PaX's ASLR feature in combination with grsecurity's GRKERNSEC_BRUTE feature deters exploitation by not only introducing a higher amount of entropy into the mapping layout than vanilla's ASLR, but actually makes ASLR useful against local attackers by providing a strong disincentive for bruteforcing. Upon crashing a suid root binary, the attacker will have their attempt logged, all of their processes terminated, and be banned from the system for 15 minutes. This response occurs for any similar subsequent attempt. This is in stark contrast to ASLR's usefulness against a local attacker on a vanilla system where it essentially provides no protection. The same exploit can be run against the same binary repeatedly in a short amount of time to exhaust the low amount of randomization. The reduced entropy associated with the use of an ascii-armor range by some distros also comes into play here.
While everyone else was focused on the normal patch specific vuln/update/forget cycle, our focus with these high-profile vulnerabilities has always been to look at tangential issues that are unlikely to be resolved upstream: exploitation techniques that either made certain strategies easier or possible in the first place. In the case of CVE-2012-0056, that issue revealed itself during a discussion on the full-disclosure mailing list on how to reliably exploit systems that changed the permission of the suid root binaries to deny reading. While such a permission change prevented the use of objdump in initial exploits, it was mentioned that a ptrace followed by an exec of the suid root binary allows one to effectively read the contents of the mapped binary. This might be surprising, as a ptrace of an existing suid root process would be denied. When execing a privileged binary while ptracing though, the binary is run without the extra privileges. When the goal is reading out the binary, however, this is irrelevant.
So I set out to eliminate this inconsistent behavior, the result being GRKERNSEC_PTRACE_READEXEC. Its configuration help currently reads as follows:
- Code: Select all
If you say Y here, unprivileged users will not be able to ptrace unreadable
binaries. This option is useful in environments that
remove the read bits (e.g. file mode 4711) from suid binaries to
prevent infoleaking of their contents. This option adds
consistency to the use of that file mode, as the binary could normally
be read out when run without privileges while ptracing.
If the sysctl option is enabled, a sysctl option with name "ptrace_readexec"
Note that ability to read the targeted binary was a key component in released exploits because regardless of whether ASLR was enabled on the system or not, distros were still shipping non-PIE suid root binaries. If we could guarantee that all suid root apps (including those from third parties) were PIE, there wouldn't be as much of a need for this feature. Unfortunately, others' lack of an attention to detail in this regard continues years after the demonstrated benefits of full ASLR, so part of our mission is to identify and fill such gaps in security.
One down. Let's go back a bit to discuss a bug class and oddity that's surprising to many. Credentials in Linux are not per-process entities -- they are per-thread. Therefore, it's perfectly valid for one thread in a process started by root to call setuid(1), which then runs with real uid 1, while all other threads in the process continue to run as uid 0 -- even though all threads are sharing the same memory! Arbitrary code execution in the non-privileged thread can immediately lead to privileged arbitrary code execution. But if you were to write some code of your own on the average system to verify this behavior, you'd think I was lying. After the one call to setuid, all other threads will report that same uid. What's going on here? The answer is that glibc is performing some trickery behind the scenes -- when the one thread calls setuid, the glibc wrapper signals to the other threads in the process which then issue their own setuid calls, giving the impression of process-wide uids. The key point to note here is that it's glibc performing this operation silently. Other libcs may not (and don't). This has also plagued programs in other languages, like Google Go.

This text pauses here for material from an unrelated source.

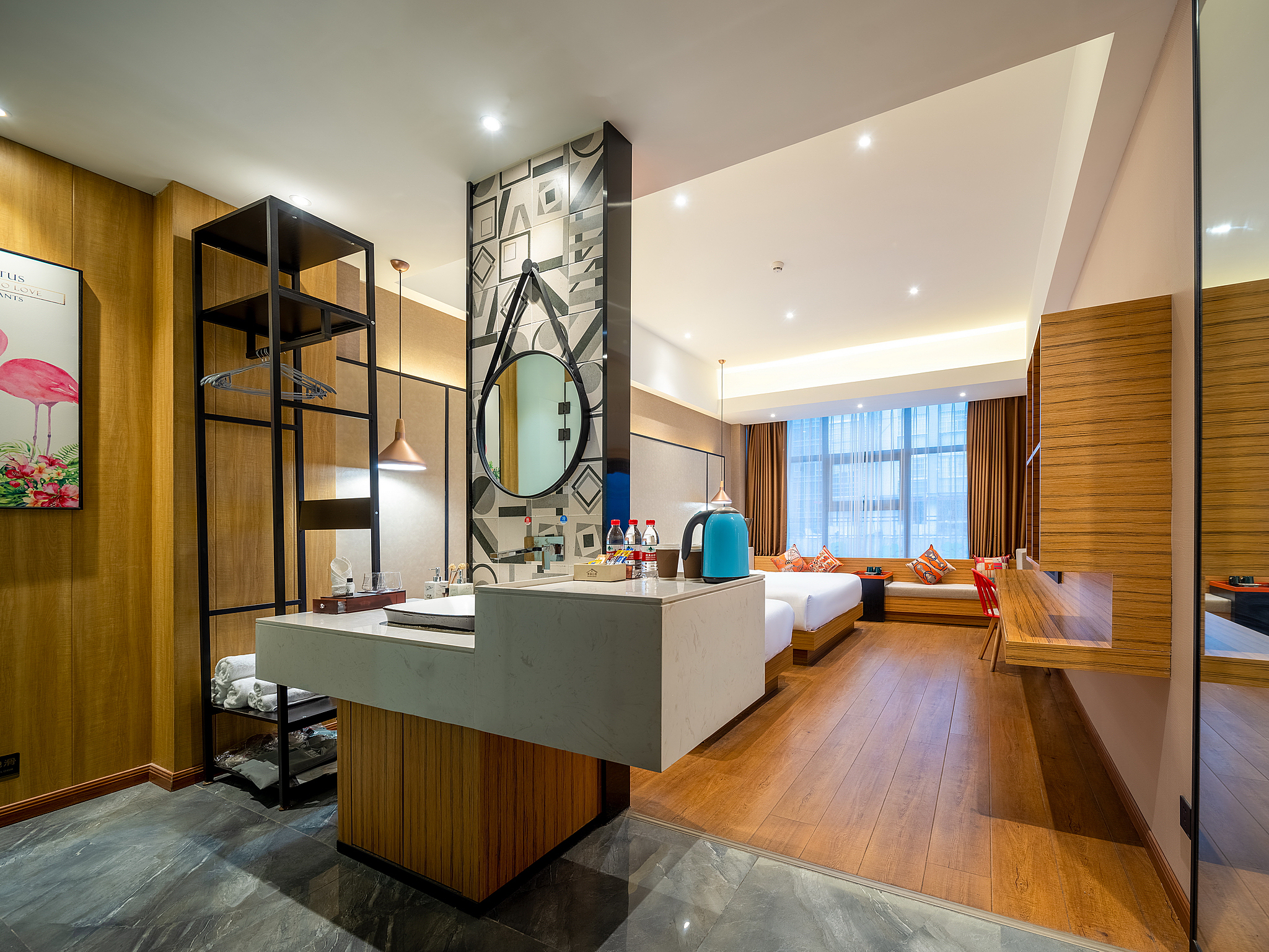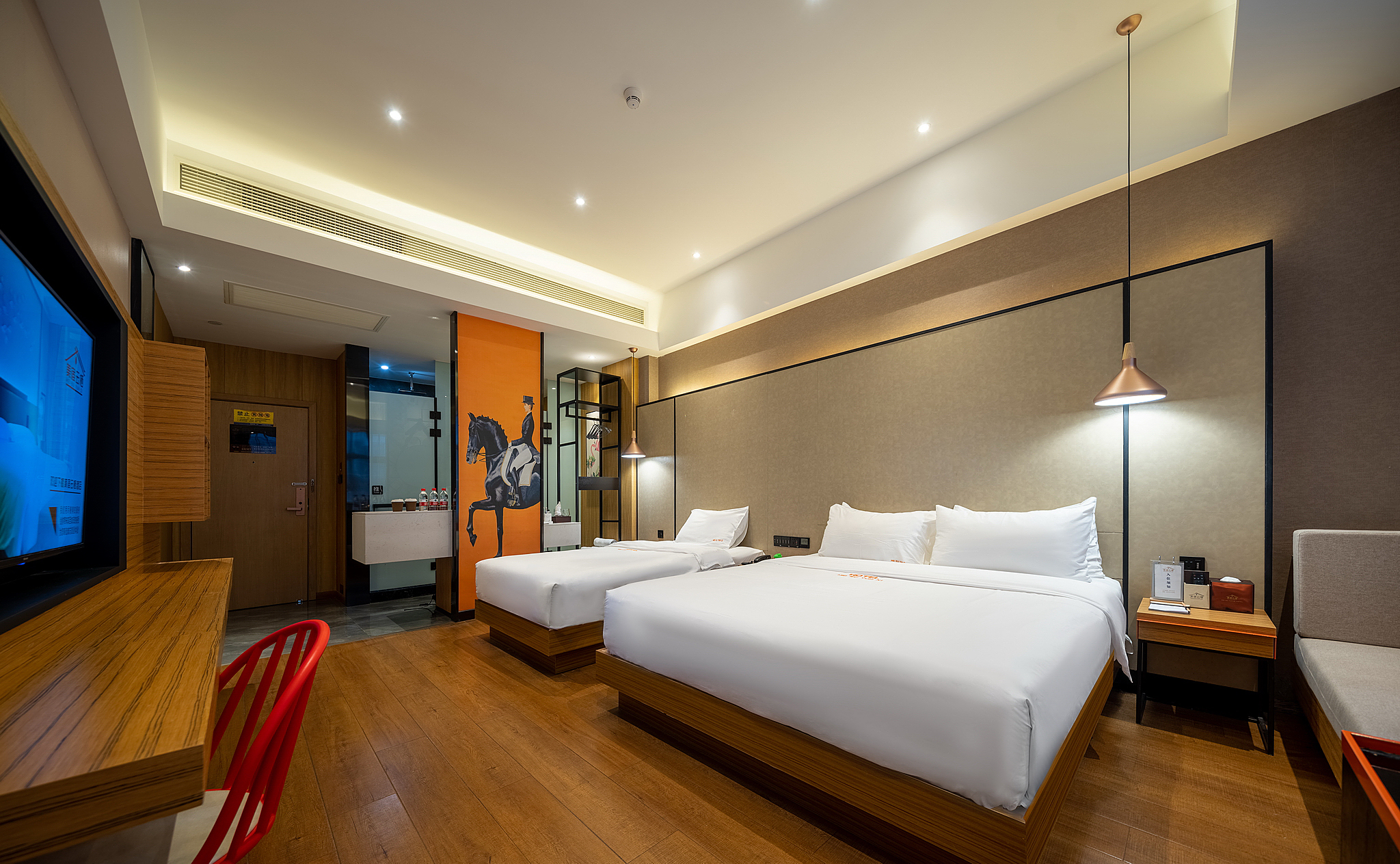 港式标间(休闲长沙发+零压乳胶床垫+书桌+1张大床+1张小床)

To remove any possibility of inconsistency here, and urged by Andrew Griffiths (andrewg) who has reported several security issues related to this in the past, I created GRKERNSEC_SETXID. The configuration help for the feature currently reads as follows:
- Code: Select all
If you say Y here, a change from a root uid to a non-root uid
in a multithreaded application will cause the resulting uids,
gids, supplementary groups, and capabilities in that thread
to be propagated to the other threads of the process. In most
cases this is unnecessary, as glibc will emulate this behavior
on behalf of the application. Other libcs do not act in the
same way, allowing the other threads of the process to continue
running with root privileges. If the sysctl option is enabled,
a sysctl option with name "consistent_setxid" is created.
On the implementation side, I queue up a copy of the credentials of a thread making a root->nonroot transition, mark all the other threads in the process as needing a reschedule, and add a hook to install the new credentials when the thread is scheduled. The downside to the technique is that rescheduling occurs on syscall exit, so it's possible for at most one more syscall to execute with privilege in each thread active on a CPU after the initial thread performs its setuid. This shouldn't be a problem in real life, as the other threads in the process should be sleeping in the kernel at this point and will be intercepted on their return back down to userland. If you have other threads executing code concurrently, all bets would be off even in the glibc case as you couldn't interrupt/prevent the continued execution of kernel-level critical sections in the other threads.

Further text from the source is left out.